Was wäre los, wenn Finanzämter ab sofort nur noch Steuererklärungen annehmen würden, die von einem Steuerberater unterschrieben sind?
Die Reaktion ist unter dem 2. Link gepostet worden. Sang- und klanglos Akteneinsicht erhalten.
1.) Die StA hat weitergehende Akteneinsicht (die ich zuvor beantragt habe, per Berfügung abgelehnt)
2) Auch die Verkennung bestand darin, dass mir mitgeteilt wurde, dass komplette Akteneinsicht nur einem Verteidiger zusteht.
a) Es mag sein, dass die EMRK kein „Europarecht“ ist. Ist auch vollkommen egal. Die Machtspielchen zwischen EMGR und dem BVerfG sowieso schon eine Sache für sich.
Fakt ist, dass der EGMR bereits 2 Urteile gefällt hat, indem das Akteneinsichtsrecht für den nicht verteidigten Beschuldigten aus Art. 6 III + Art, 6 I festgestellt wurde.

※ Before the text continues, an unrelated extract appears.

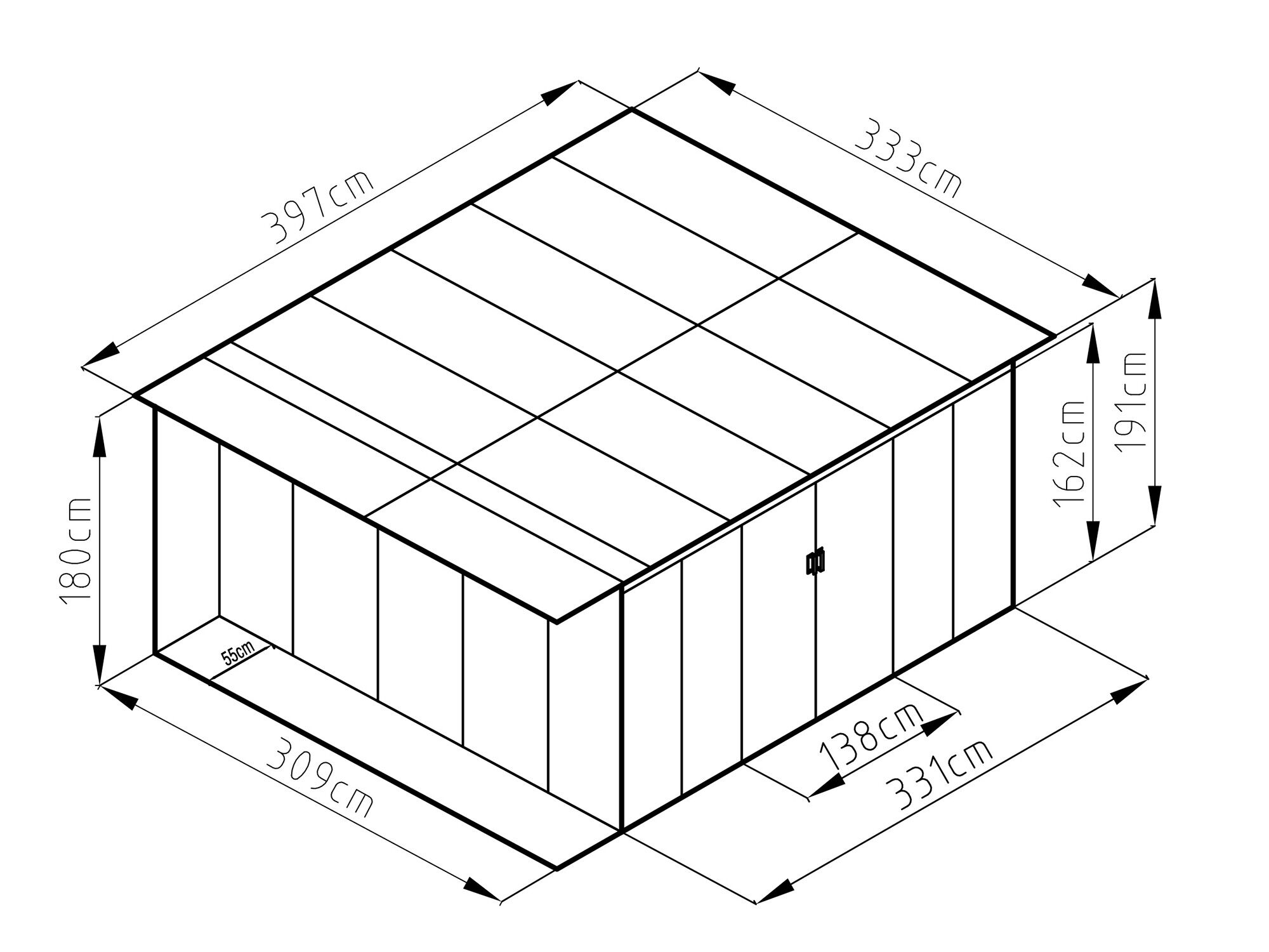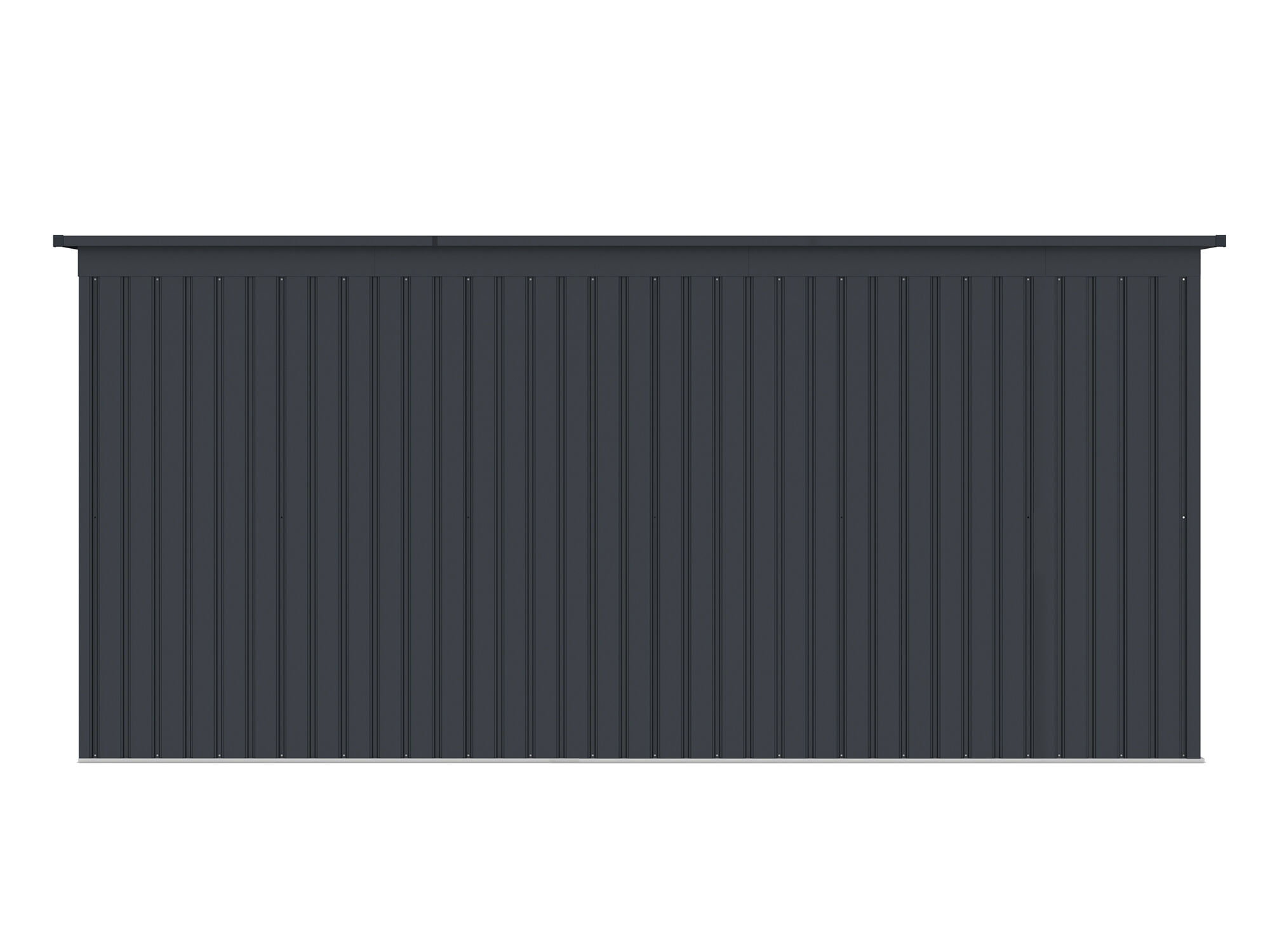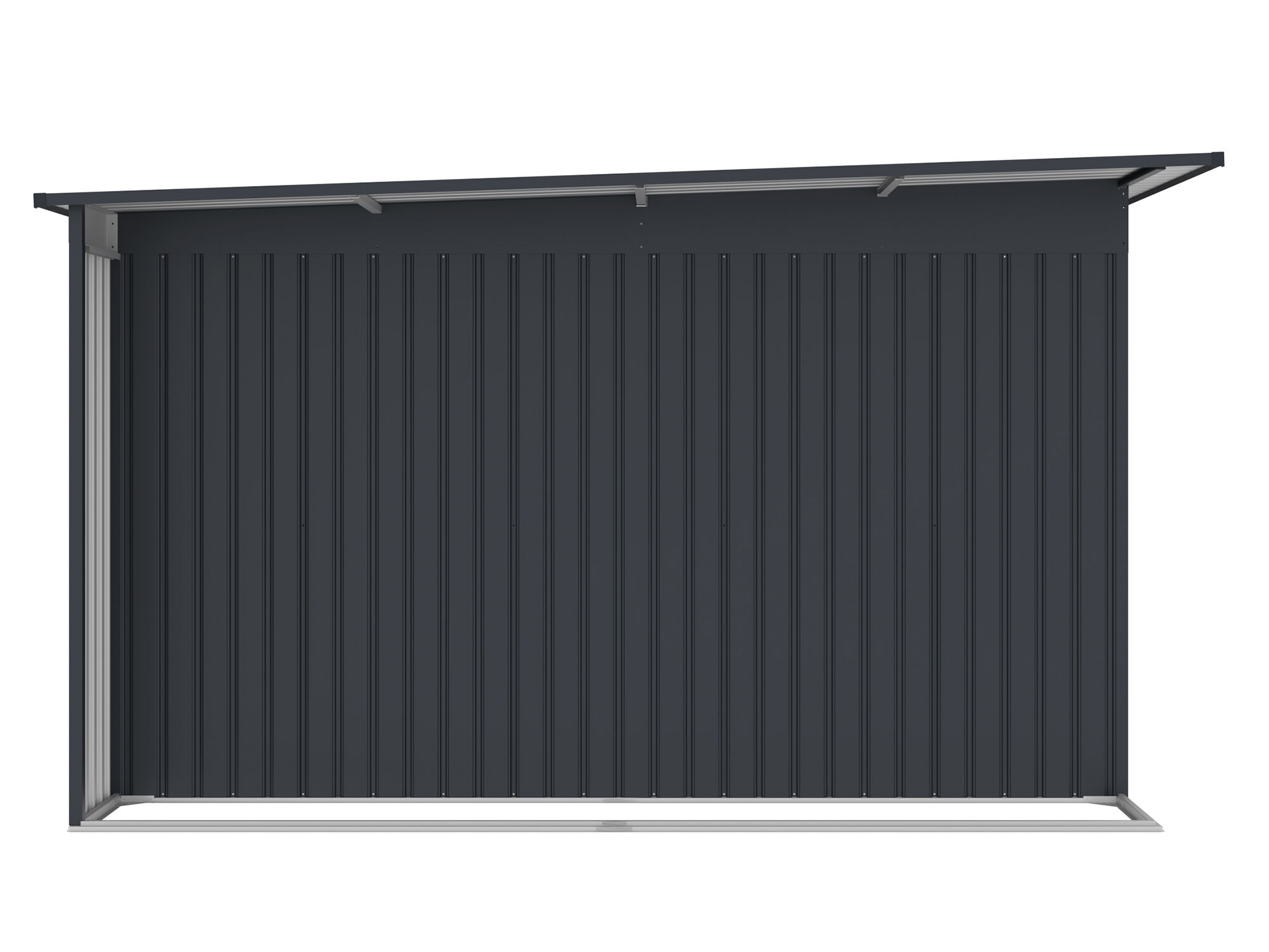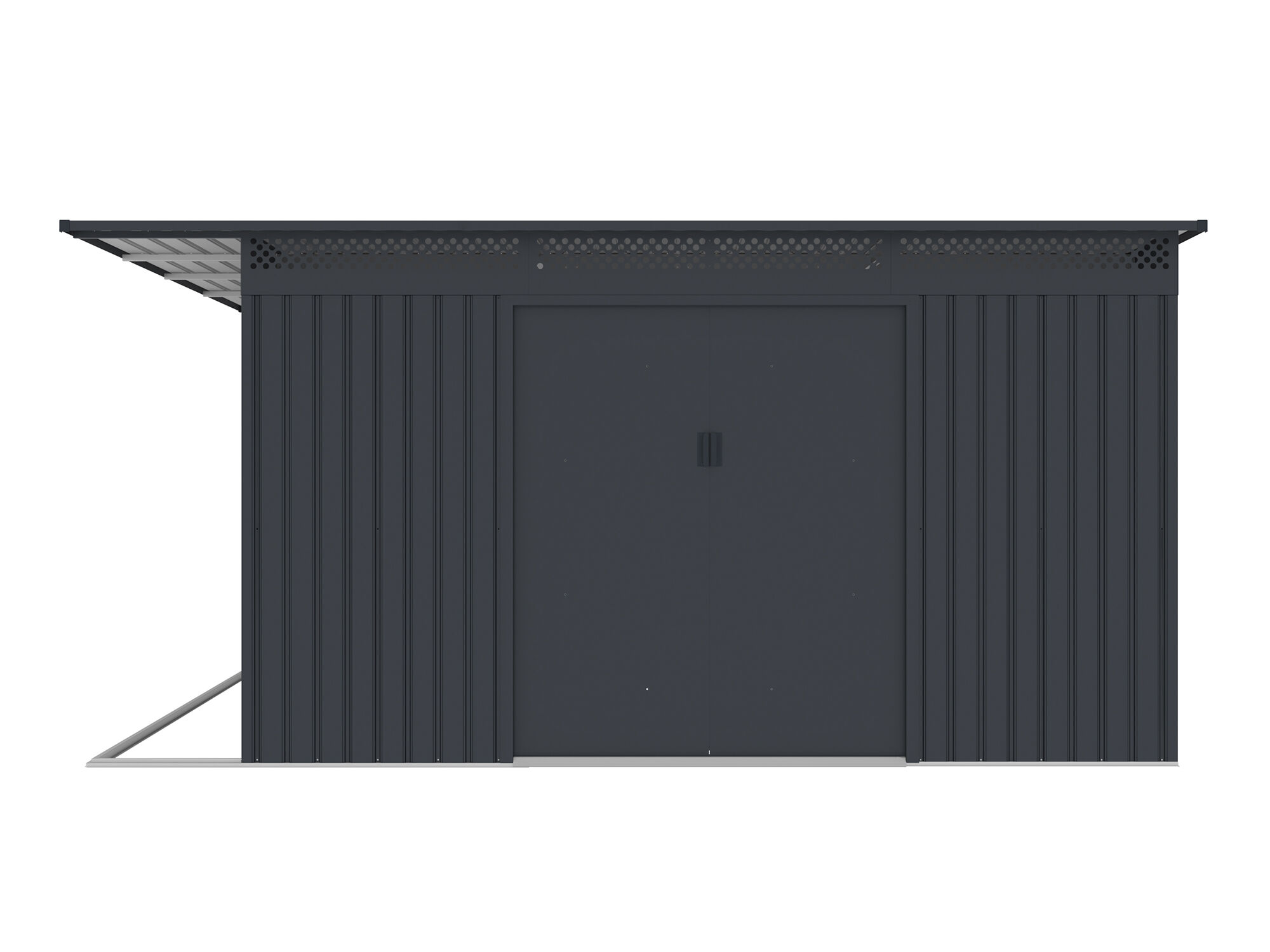 Das StarLine Metall Gerätehaus Modell Berlin bietet mit seiner Grundfläche von 10,23 m² und einer zusätzlichen überdachten Fläche von 1,70 m² eine stillvolle und langlebige Lagerlösung für Ihren Garten. Das moderne Pultdach verleiht dem Gartenhaus eine sehr moderne Optik. Das Gerätehaus der Marke StarLine Metall ist aus feuerverzinktem Stahlblech und einer besonders dicken kratzfesten Polyesterlackierung hergestellt, welches Ihnen Langlebigkeit und Wetterfestigkeit garantiert. Das Gerätehaus verfügt über eine innenliegende Schiebetür für einen leichten Zugang und ist mit geeigneten Türgriffen für ein Vorhängeschloss ausgestattet, mit dem Sie den Schuppen verschließen und sichern können. Das seitliche Schleppdach eignet sich perfekt für die Lagerung von Feuerholz oder als zusätzlichen Stellplatz für Ihre Gartenutensilien. Dieses elegante, wartungsfreie Gerätehaus ist nicht nur eine praktische Ergänzung für Ihren Außenbereich, sondern auch ein echter Hingucker in Ihrem Garten.

Fakt ist auch, dass in der Rechtspraxis die EGMR Rechtsprechung zu berücksichtigen hat und auch berücksichtigt wird. Da kann man lammentieren wie man will.
Klar dass das BVerfG kein Stück von seiner Kompetenz abgeben will und trotzdem nicht auf Konfrontationskurs gehen will. Daher ja auch die Kommentare: Letztentscheidung obliegt dem BVerfG bzw. dem deutschen Gesetzgeber bla bla…
Die Feinheiten interessieren hierbei gar nicht..
Wenn es tatsächlich soweit kommen würde, dass ein unverteidigter Beschuldigter keine Akteneinsicht erhält, würde Deutschland vor dem EGMR nunmal Schiffbruch erleiden, so wie Frankreich und die Türkei zuvor!